Aim of the exercise: The records below are to be set down word for word, with every picture left out.

Extracted data:

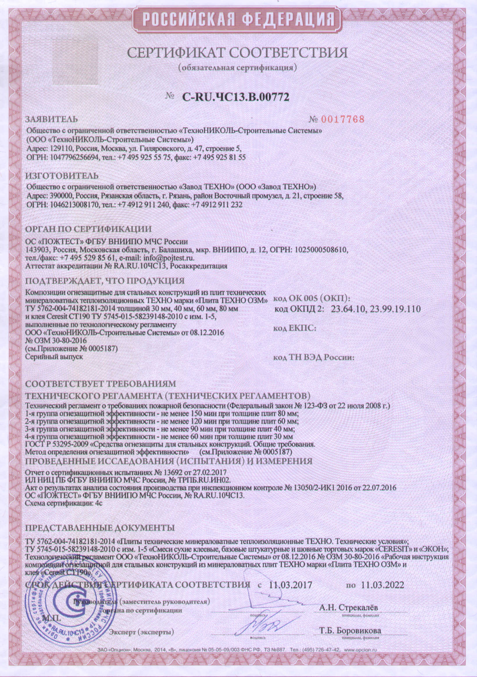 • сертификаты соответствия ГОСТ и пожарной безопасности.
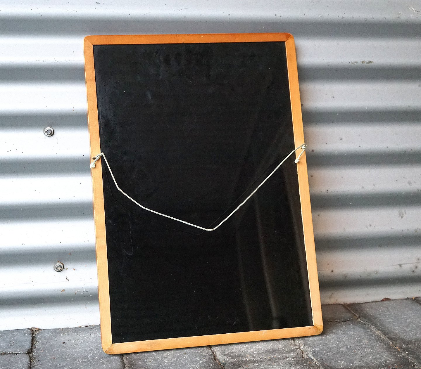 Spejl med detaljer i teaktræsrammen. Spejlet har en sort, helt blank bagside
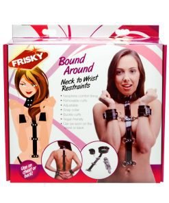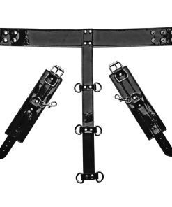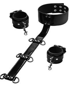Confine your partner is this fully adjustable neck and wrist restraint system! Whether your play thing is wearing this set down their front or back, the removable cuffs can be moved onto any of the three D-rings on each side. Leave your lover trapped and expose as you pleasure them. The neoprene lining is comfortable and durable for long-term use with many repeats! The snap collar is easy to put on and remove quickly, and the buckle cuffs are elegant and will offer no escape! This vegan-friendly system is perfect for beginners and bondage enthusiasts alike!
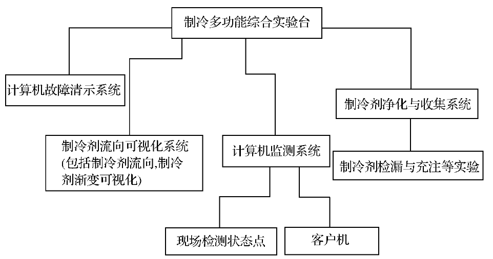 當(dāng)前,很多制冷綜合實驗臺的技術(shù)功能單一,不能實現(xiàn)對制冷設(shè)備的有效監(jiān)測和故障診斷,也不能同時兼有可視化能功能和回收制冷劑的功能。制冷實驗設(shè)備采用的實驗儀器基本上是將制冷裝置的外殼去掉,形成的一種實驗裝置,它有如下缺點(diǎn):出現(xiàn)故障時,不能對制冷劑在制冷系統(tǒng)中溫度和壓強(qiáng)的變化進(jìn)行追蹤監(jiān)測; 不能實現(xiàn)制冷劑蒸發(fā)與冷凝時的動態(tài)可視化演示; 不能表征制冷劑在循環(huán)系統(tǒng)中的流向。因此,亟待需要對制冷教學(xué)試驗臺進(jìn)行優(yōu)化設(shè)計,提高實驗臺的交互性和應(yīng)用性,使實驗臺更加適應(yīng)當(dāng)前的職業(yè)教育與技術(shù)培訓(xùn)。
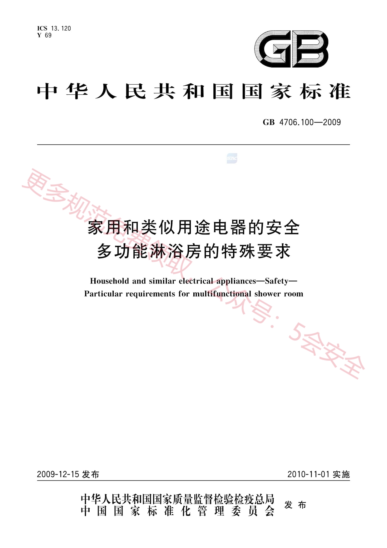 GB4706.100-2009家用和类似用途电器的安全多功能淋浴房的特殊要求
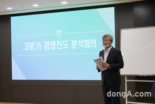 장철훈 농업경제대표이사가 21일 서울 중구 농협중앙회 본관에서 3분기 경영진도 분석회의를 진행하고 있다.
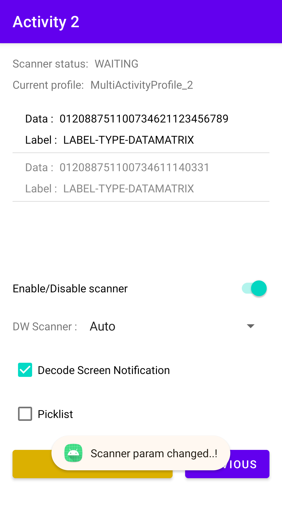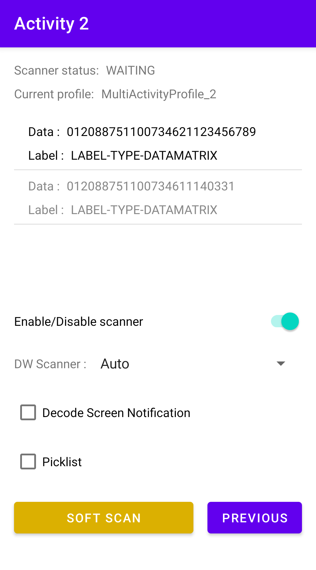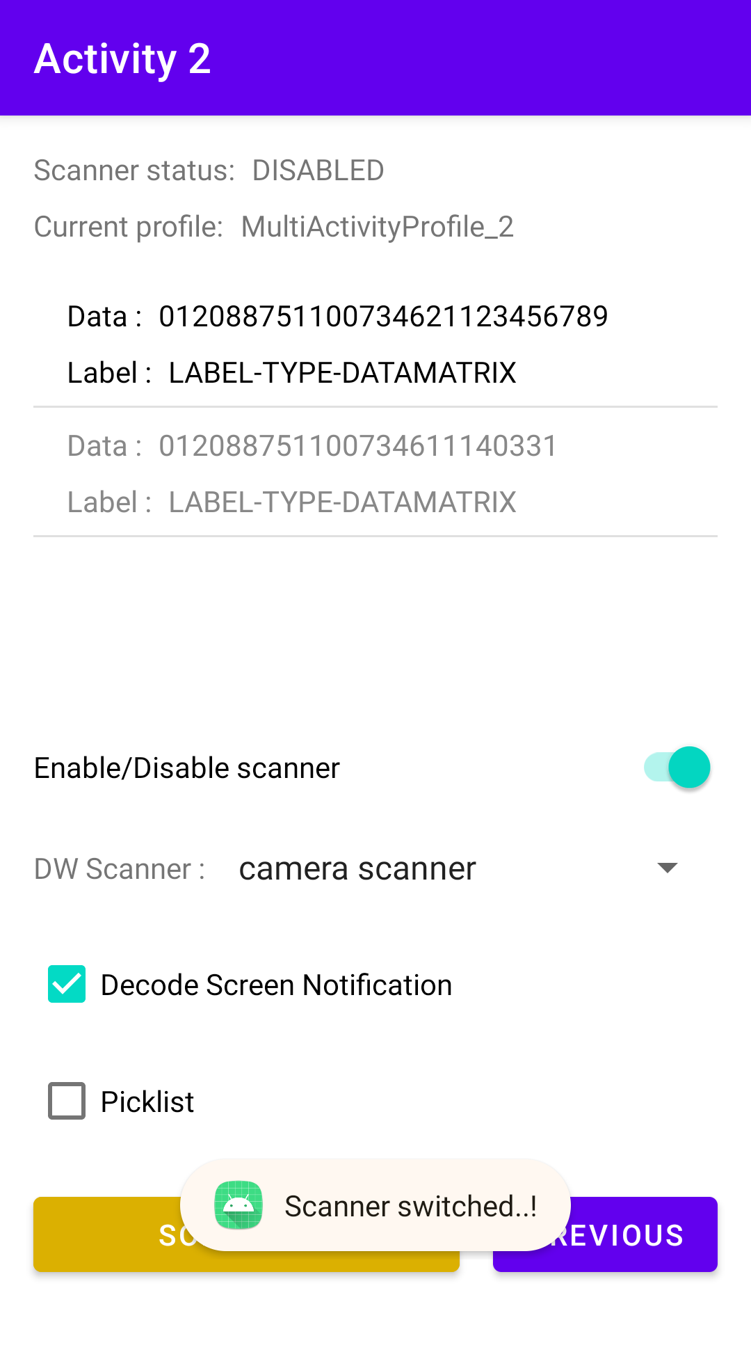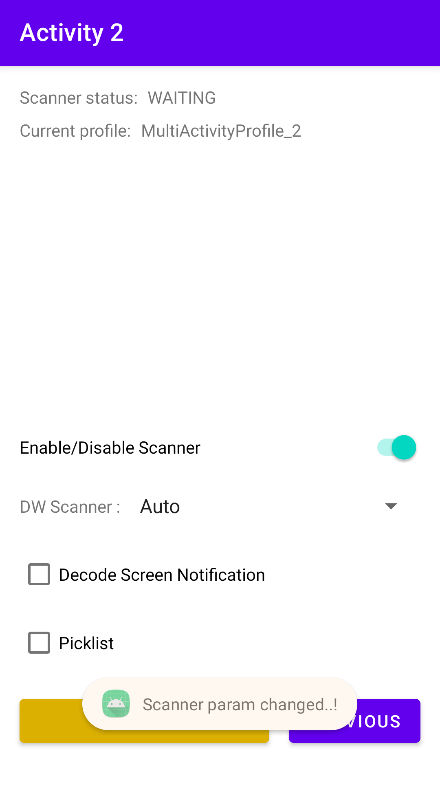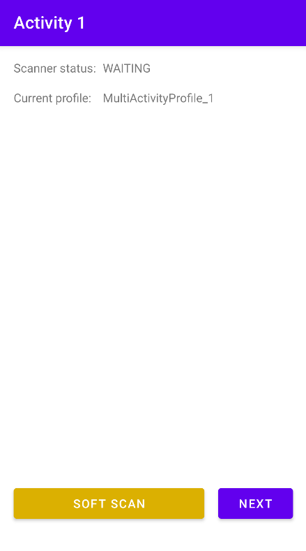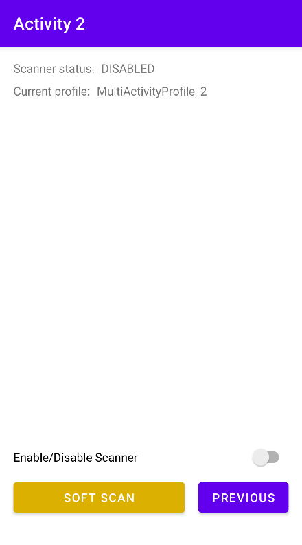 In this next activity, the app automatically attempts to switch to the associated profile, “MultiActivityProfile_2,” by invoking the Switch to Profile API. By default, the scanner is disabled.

Solution for this problem:
 • сертификаты соответствия ГОСТ и пожарной безопасности.
 Spejl med detaljer i teaktræsrammen. Spejlet har en sort, helt blank bagside
Confine your partner is this fully adjustable neck and wrist restraint system! Whether your play thing is wearing this set down their front or back, the removable cuffs can be moved onto any of the three D-rings on each side. Leave your lover trapped and expose as you pleasure them. The neoprene lining is comfortable and durable for long-term use with many repeats! The snap collar is easy to put on and remove quickly, and the buckle cuffs are elegant and will offer no escape! This vegan-friendly system is perfect for beginners and bondage enthusiasts alike!
 當(dāng)前,很多制冷綜合實驗臺的技術(shù)功能單一,不能實現(xiàn)對制冷設(shè)備的有效監(jiān)測和故障診斷,也不能同時兼有可視化能功能和回收制冷劑的功能。制冷實驗設(shè)備采用的實驗儀器基本上是將制冷裝置的外殼去掉,形成的一種實驗裝置,它有如下缺點(diǎn):出現(xiàn)故障時,不能對制冷劑在制冷系統(tǒng)中溫度和壓強(qiáng)的變化進(jìn)行追蹤監(jiān)測; 不能實現(xiàn)制冷劑蒸發(fā)與冷凝時的動態(tài)可視化演示; 不能表征制冷劑在循環(huán)系統(tǒng)中的流向。因此,亟待需要對制冷教學(xué)試驗臺進(jìn)行優(yōu)化設(shè)計,提高實驗臺的交互性和應(yīng)用性,使實驗臺更加適應(yīng)當(dāng)前的職業(yè)教育與技術(shù)培訓(xùn)。
 GB4706.100-2009家用和类似用途电器的安全多功能淋浴房的特殊要求
 장철훈 농업경제대표이사가 21일 서울 중구 농협중앙회 본관에서 3분기 경영진도 분석회의를 진행하고 있다.
 In this next activity, the app automatically attempts to switch to the associated profile, “MultiActivityProfile_2,” by invoking the Switch to Profile API. By default, the scanner is disabled.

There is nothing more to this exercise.